___ Dataset content ___
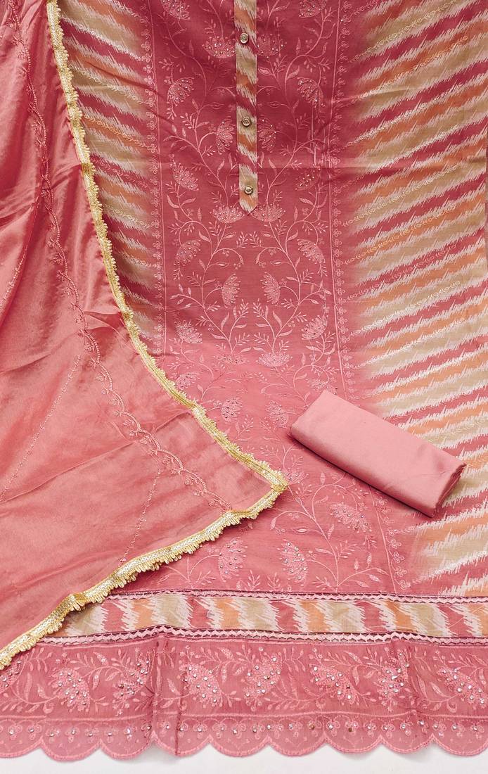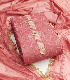 Baby-pink embroidered chanderi semi stitched churidar dress-materials
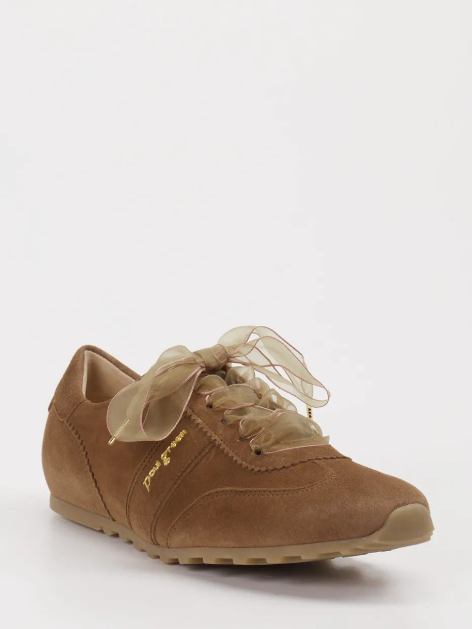 Feminines Design trifft auf Retro-Flair. Paul Green zeigt mit diesem Damen-Sneaker ein Modell, das Eleganz und Komfort stilsicher vereint. Ideal für entspannte Freizeit-Looks bietet der Sneaker aus hochwertigem Veloursleder in Mittelbraun einen matten, sanften Look. Das klassische Low-Top-Design wird durch transparente Organza-Schnürsenkel mit goldfarbenen Enden veredelt, während eine dezente Logoprägung stilvolle Akzente setzt. Die flache Form und die rutschhemmende Profilsohle aus Gummi sorgen für angenehmes Laufgefühl – perfekt für den Alltag. Modisch greift der Schuh die Trends „Quiet Luxury“ und „Sheer Details“ auf und passt ideal zu entspannten Casual-Outfits. Ein femininer Allrounder mit Komfort und Stil – typisch Paul Green.
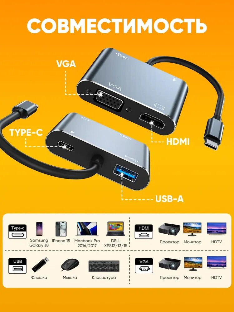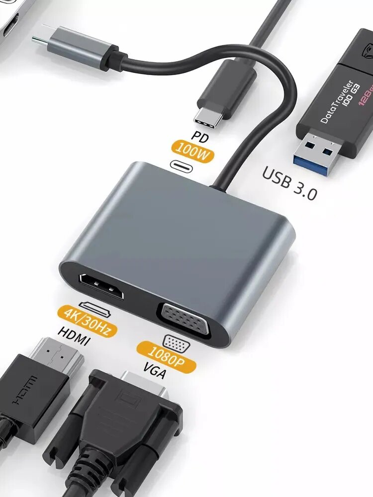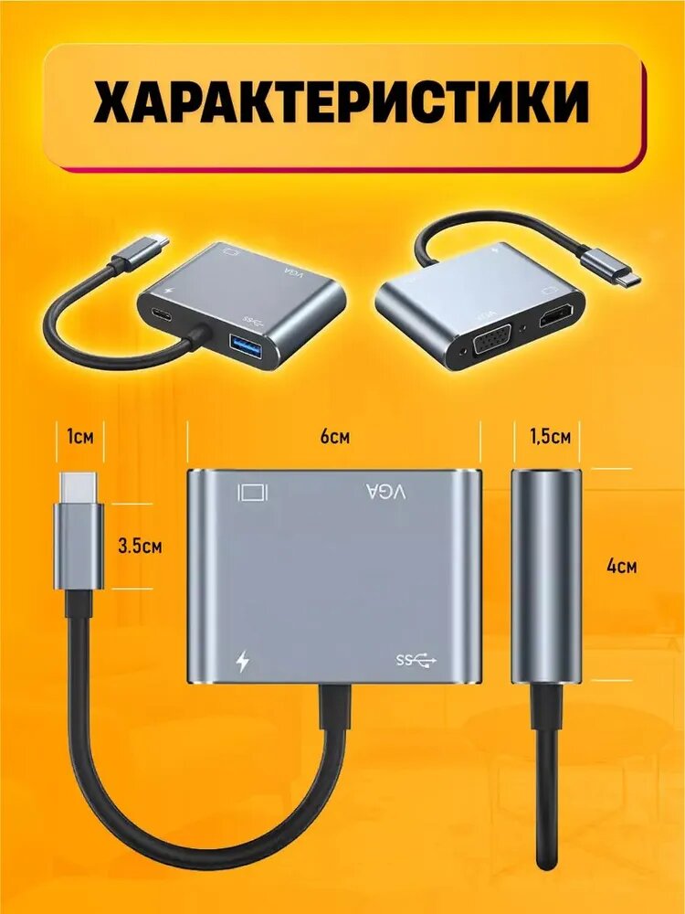 Type-C Hub/Переходник адаптер для ноутбука 4в1 HDMI VGA USB Type-C/Видеоадаптер/Переходник HDMI/Адаптер для компьютера интересное:
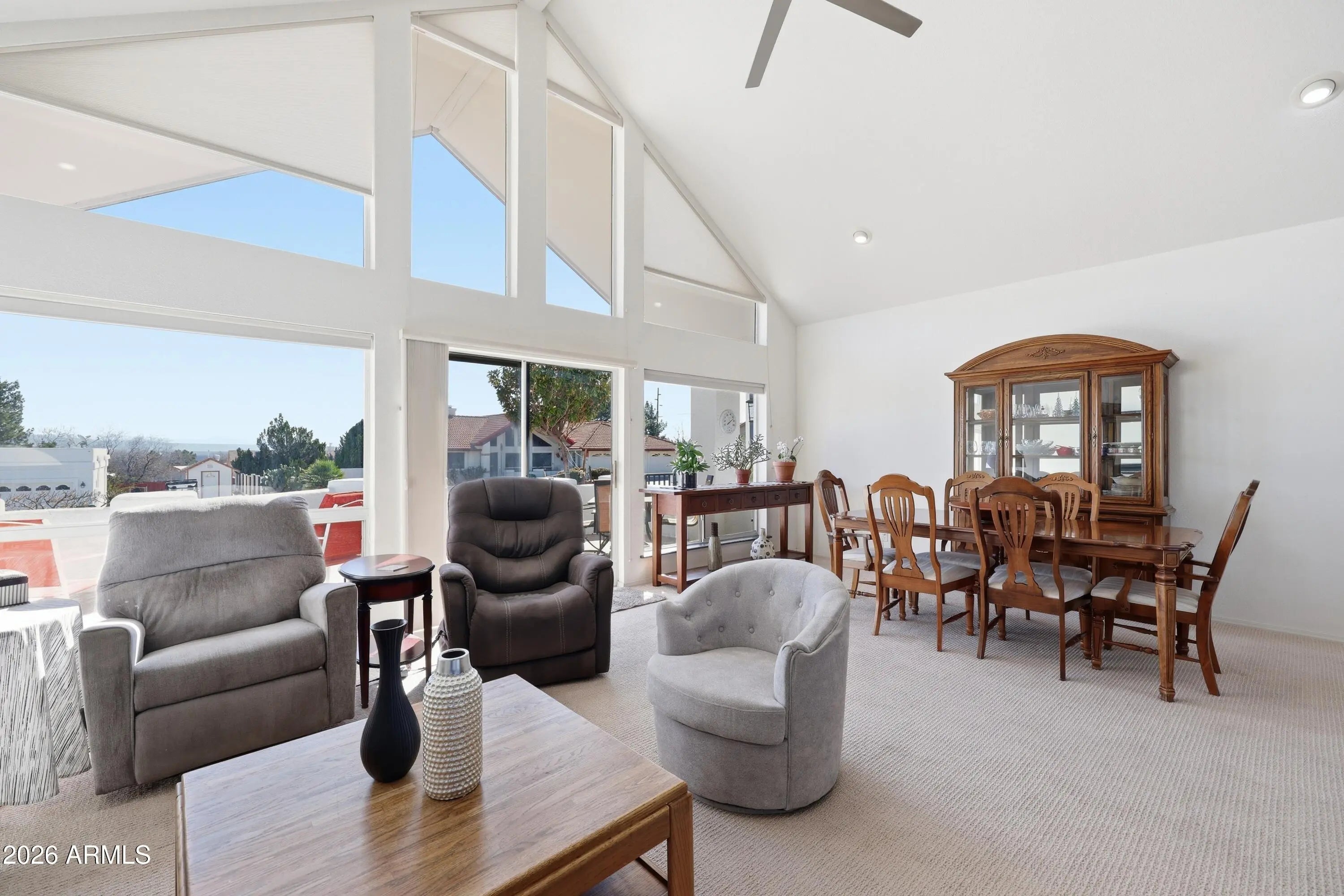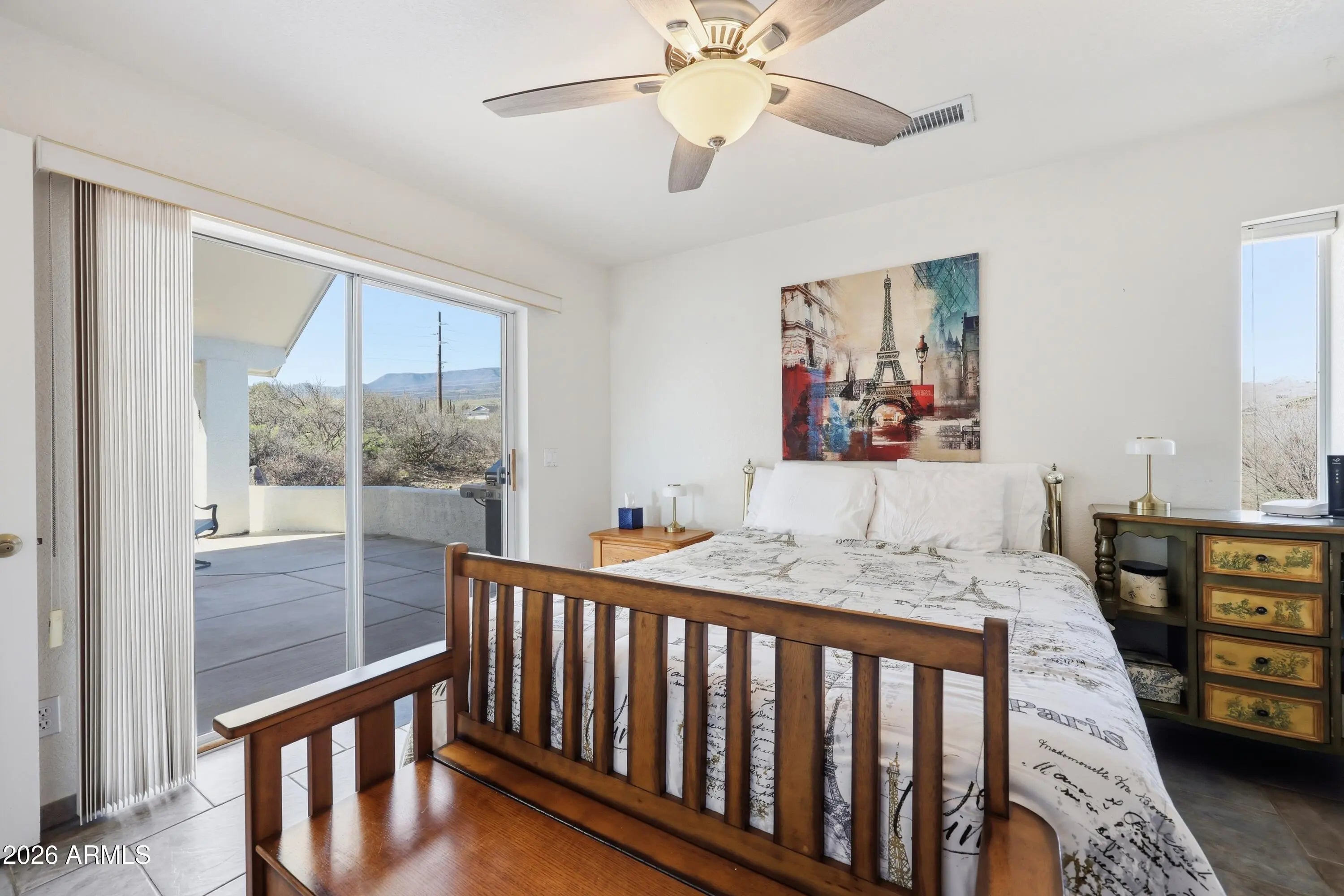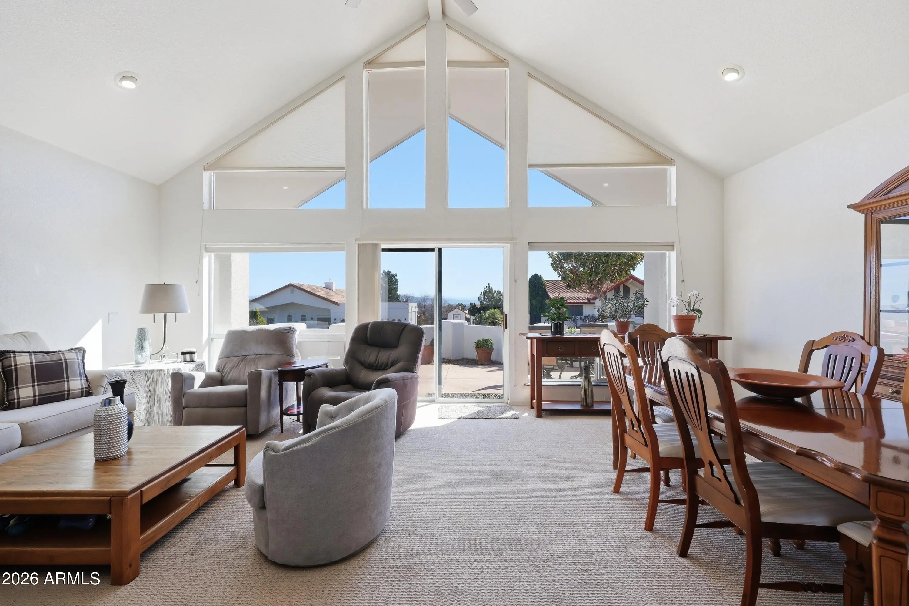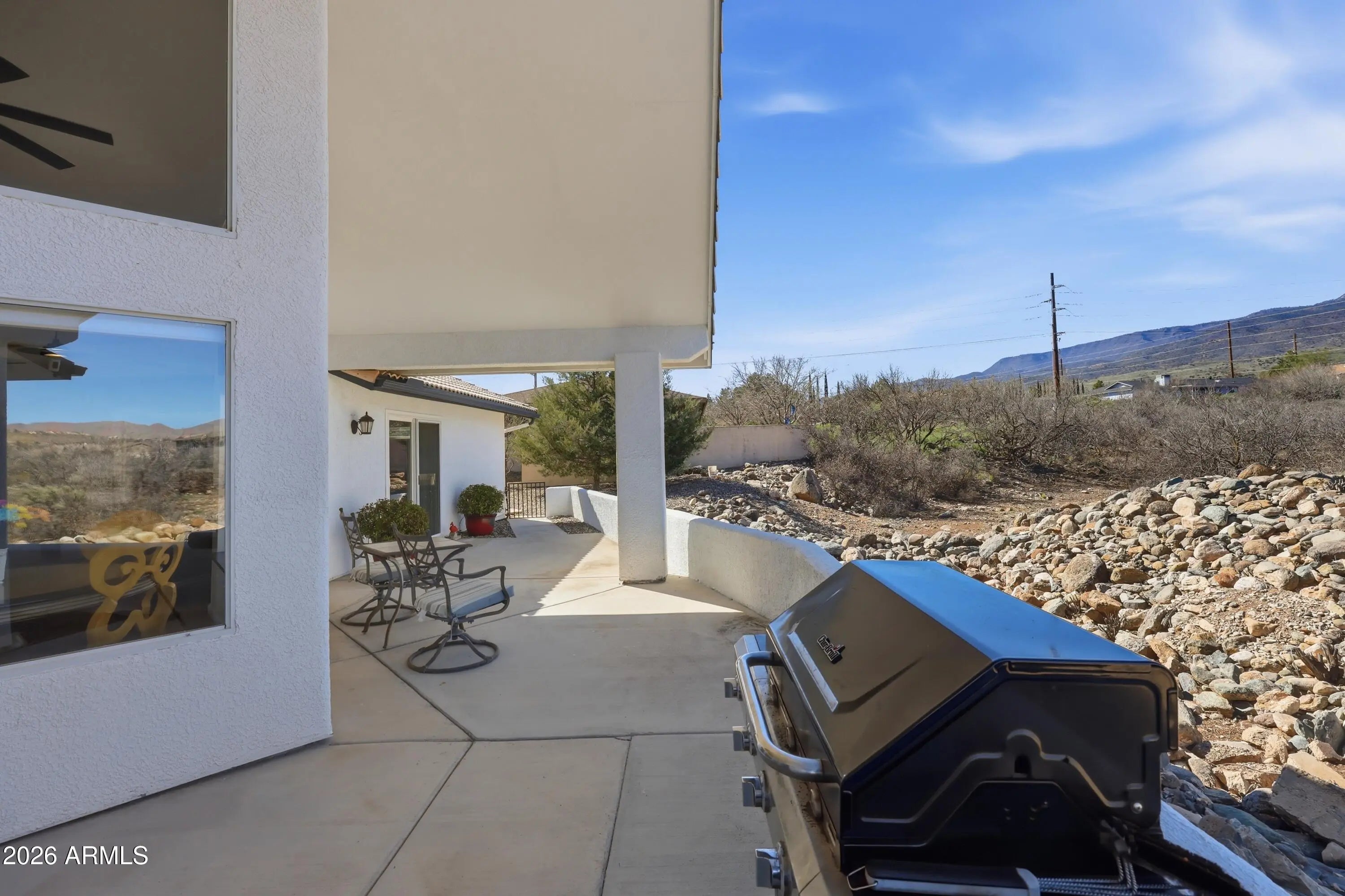 Updated Southwest home in desirable Mingus Views Estates, tucked at the end of a quiet cul-de-sac with big views. Light-filled living and formal dining feature vaulted ceilings and walls of windows framing Red Rock sunsets from the living room and front porch. In-kitchen dining and rear patio capture Mingus Mountain views. Split floor plan with 3 spacious bedrooms, each with its own sliding door to the patio, and 2 baths. Updated kitchen with granite counters, added pantry, newer lighting, stainless appliances, and extra storage. 2-car garage. New HVAC and water heater (2023-24). Bonus observation deck with 360° views of Red Rocks, Mingus Mountain, and on clear days the San Francisco Peaks. Close to shopping, dining, medical, and Verde Valley events.
___
| Task brief |
For this exercise, return exactly the lines above from the line with "Feminines Design trifft" through the line with "Type-C Hub/Переходник адаптер", both included. Do not copy the pictures.

| Completed exercise |
 Feminines Design trifft auf Retro-Flair. Paul Green zeigt mit diesem Damen-Sneaker ein Modell, das Eleganz und Komfort stilsicher vereint. Ideal für entspannte Freizeit-Looks bietet der Sneaker aus hochwertigem Veloursleder in Mittelbraun einen matten, sanften Look. Das klassische Low-Top-Design wird durch transparente Organza-Schnürsenkel mit goldfarbenen Enden veredelt, während eine dezente Logoprägung stilvolle Akzente setzt. Die flache Form und die rutschhemmende Profilsohle aus Gummi sorgen für angenehmes Laufgefühl – perfekt für den Alltag. Modisch greift der Schuh die Trends „Quiet Luxury“ und „Sheer Details“ auf und passt ideal zu entspannten Casual-Outfits. Ein femininer Allrounder mit Komfort und Stil – typisch Paul Green.
 Type-C Hub/Переходник адаптер для ноутбука 4в1 HDMI VGA USB Type-C/Видеоадаптер/Переходник HDMI/Адаптер для компьютера интересное:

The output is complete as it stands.